2.As this study is based on data from a single center, theoretically, it can be analyzed in combination with clinical information and the results of blood B19-DNA testing, especially the clinical conditions of pregnant women and their offspring, at least whether there are relevant clinical diagnoses.

3.I suggest reducing the number of pictures （Fig2-6）and replacing them with textual descriptions.

4. Some puzzling data need to be explained, such as why 826 cases (specimens) were selected from 1,016 specimens?

Author Response

Comments 1: 

This epidemiological study is of considerable help in understanding the prevalence of B19 in the local area from 2019 to 2024, but there are still some deficiencies in the current manuscript.

1. As the significance of DNA testing and antibody testing for B19 is different, I suggest deleting the content of seroepidemiology. However, the research results of local seroepidemiology can be used as a reference for the detection rate of viremia. The author’s viewpoint that some patients with possible immunosuppression may have viremia but negative antibodies might be incorrect. It is possible that during the acute phase of infection, IgM and Ig G have not yet been produced.

Response 1: We thank the reviewer for the insightful comment. We understand the concern regarding the inclusion of serological data. We believe that molecular and serological data complement each other, particularly in high-risk populations such as pregnant women and immunocompromised patients. To address the reviewer’s suggestion, we have added a statement to the limitations section acknowledging that the absence of antibodies in some patients could be related to the acute phase of infection rather than immunosuppression. We opted to retain the serological data as it provides valuable insights into the diagnostic challenges associated with B19V infections, especially in settings where rapid differentiation between acute and chronic cases is essential. See text in the revised version of the manuscript.

Comments 2: As this study is based on data from a single center, theoretically, it can be analyzed in combination with clinical information and the results of blood B19-DNA testing, especially the clinical conditions of pregnant women and their offspring, at least whether there are relevant clinical diagnoses.

Response 2: We agree with the reviewer that integrating clinical data would enhance the robustness of the analysis. However, due to the retrospective nature of our study and the limited availability of clinical information, including pregnancy outcomes, such data were not systematically collected. We have acknowledged this limitation in the discussion and have recommended that future studies include more comprehensive clinical and outcome data to better contextualize B19V epidemiology. See text in the revised version of the manuscript.

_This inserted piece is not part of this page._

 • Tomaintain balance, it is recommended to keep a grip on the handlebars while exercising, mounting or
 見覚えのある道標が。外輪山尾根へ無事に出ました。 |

Comments 3: I suggest reducing the number of pictures （Fig 2-6）and replacing them with textual descriptions.

Response 3: We thank the reviewer for the suggestion. However, we believe that each figure provides unique and valuable information that enhances the clarity and impact of the study. Moreover, Reviewer 1 has explicitly requested improvements to some of these figures rather than their removal, highlighting their relevance to the manuscript. To address both reviewers' concerns, we have carefully revised the figures to enhance clarity and improve their visual presentation, while maintaining the full set to ensure comprehensive data visualization.

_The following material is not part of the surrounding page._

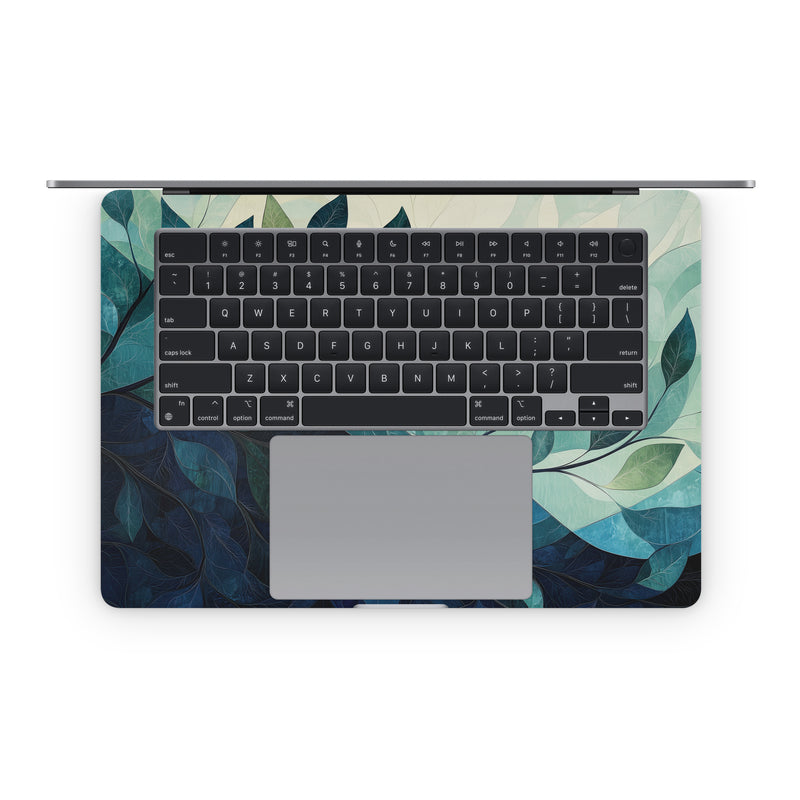 iStyles Apple MacBook Skin design of Blue, Natural material, Modern art, Wallpaper, Paint, Motif, with white, blue, green, yellow colors, and tagged with abstract, nature, leaves, nature.

Comments 4: Some puzzling data need to be explained, such as why 826 cases (specimens) were selected from 1,016 specimens?

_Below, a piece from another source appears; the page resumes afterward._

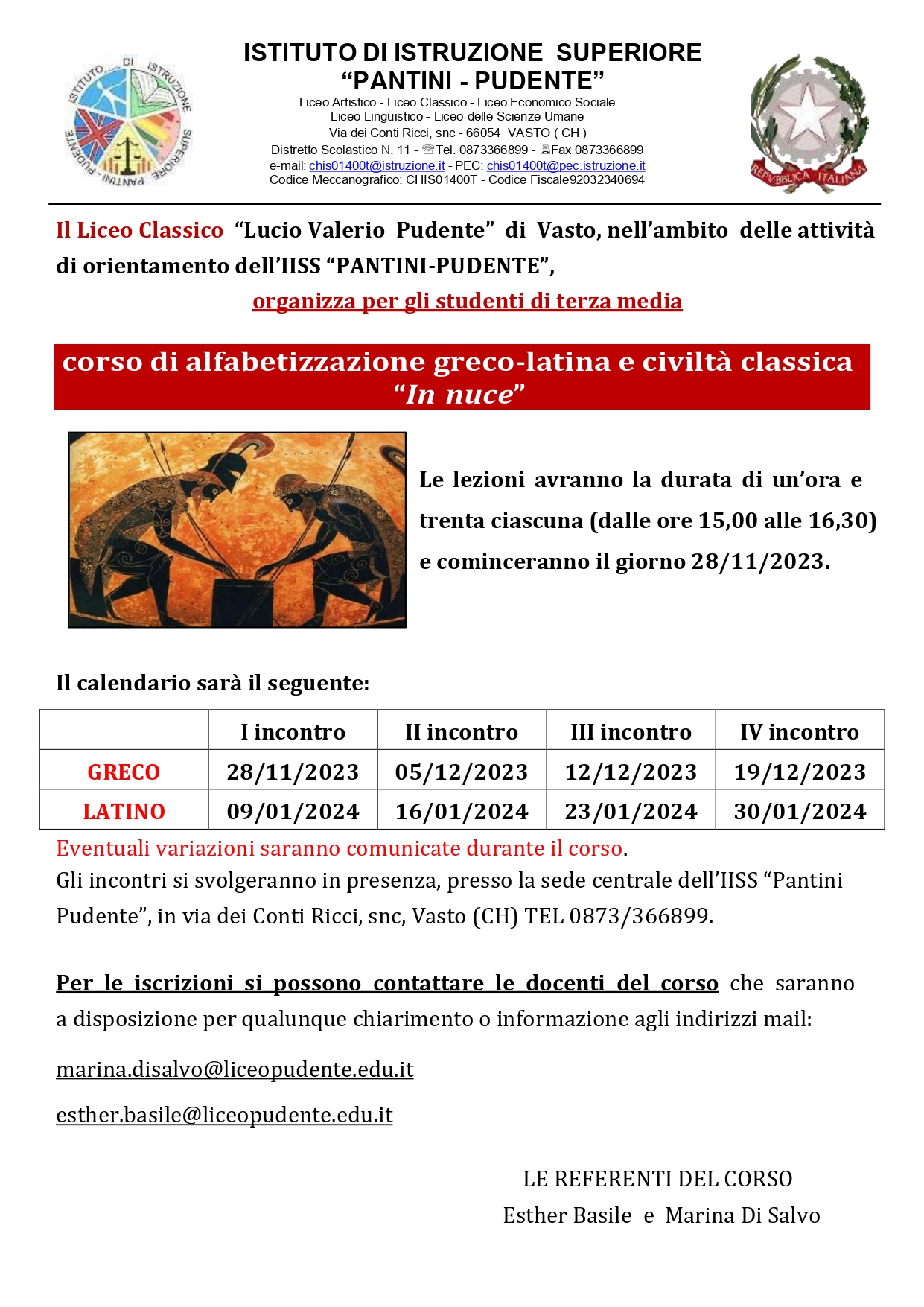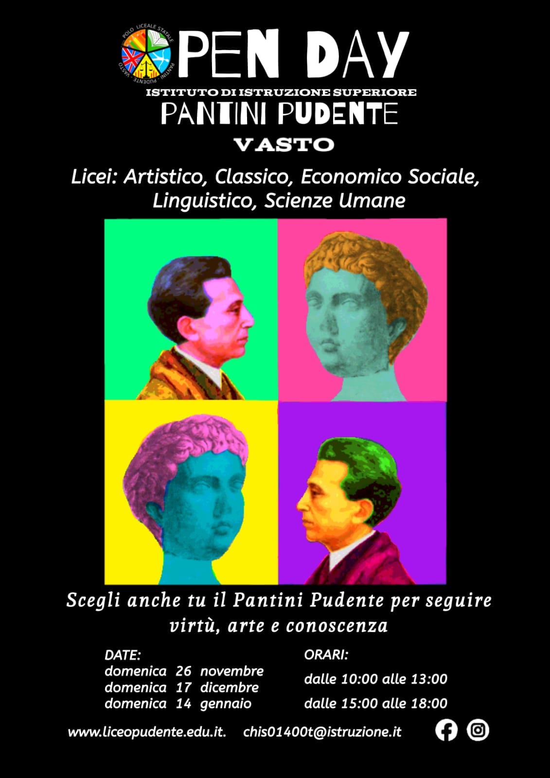 Liceo Artistico e Liceo del Made in Italy presso la sede centrale in via dei Conti Ricci snc; Liceo Classico e Liceo Linguistico presso la sede di Via Dante Gabriele Rossetti, 2 (sede storica del Classico); Liceo Economico Sociale e Liceo delle Scienze Umane presso la sede di via Madonna dell'Asilo (ex Magistrale)

Response 4: We thank the reviewer for pointing out this aspect. The discrepancy arises because we included only unique-patient samples in the study. Among the 1,016 specimens tested for B19V DNA, 826 represented unique-patient samples, while the remaining 190 were follow-up or monitoring samples from previously tested patients. This approach was taken to avoid duplication and ensure data consistency, and the clarification has now been added to the Materials and Methods section. See text in the revised version of the manuscript.